The Spheron ecosystem encompasses multiple product lines including Skynet, Klippy_AI, Fizz, RaaS, and Spheron Compute. Currently, its network has over 8,300 GPUs, 614,000 CPUs, and more than 44,000 Fizz nodes, demonstrating strong practical application capabilities.
As a comprehensive AI infrastructure network, Spheron offers six core modules including GPU, CPU, storage, deployment, scheduling, and data loading. Its goal is to provide developers with a one-stop decentralized AI service solution.

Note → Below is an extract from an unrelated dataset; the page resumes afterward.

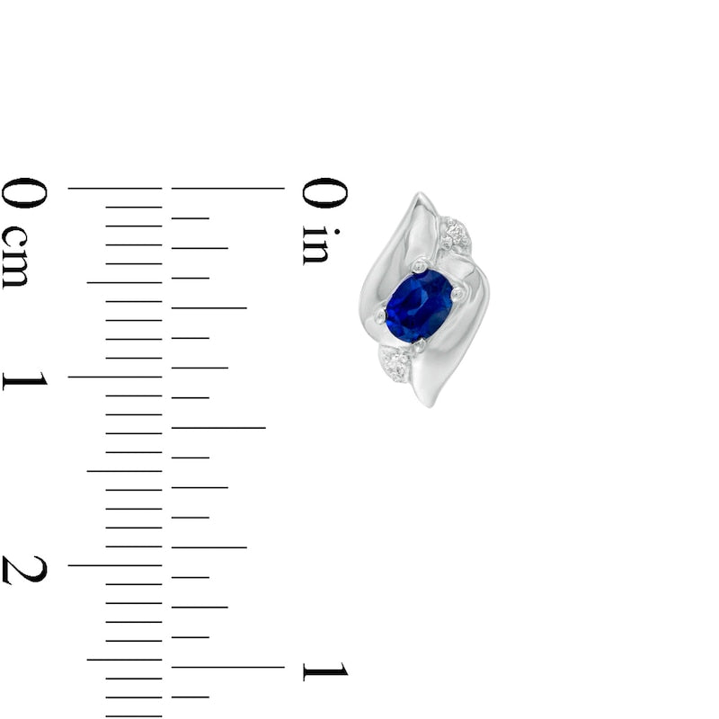 Oval Blue Sapphire and Diamond Accent Flame Stud Earrings in 14K White Gold

Compared to competitors like Aethir, IO.NET, and Akash, Spheron's advantages primarily lie in three aspects: First, it has a complete full-stack ecosystem that covers the entire process from computing power deployment to front-end applications; second, it already has launched products and actual revenue; finally, it has established a closed-loop token model $SPON, which is not only used for resource payment and node incentives but is also linked to revenue, allowing token holders to earn returns in various ways.
As the Token Generation Event (TGE) approaches, the market's expectations for Spheron are heating up. The official Twitter has announced several pre-trade information from exchanges, and its actual product revenue provides a solid foundation for valuation.
Looking ahead, Spheron plans to continue expanding the GPU market capacity, introducing AI agent modules, supporting fine-tuning services for large language models (LLM), and achieving smarter resource allocation through Skynet routing.
At the current stage of AI infrastructure development, transitioning from the narrative phase to the implementation phase, Spheron is gradually establishing its position in the industry with its actual revenue and implementation capabilities. With the continuous advancement of AI technology, projects like Spheron that can provide real value may occupy a more important position in future markets.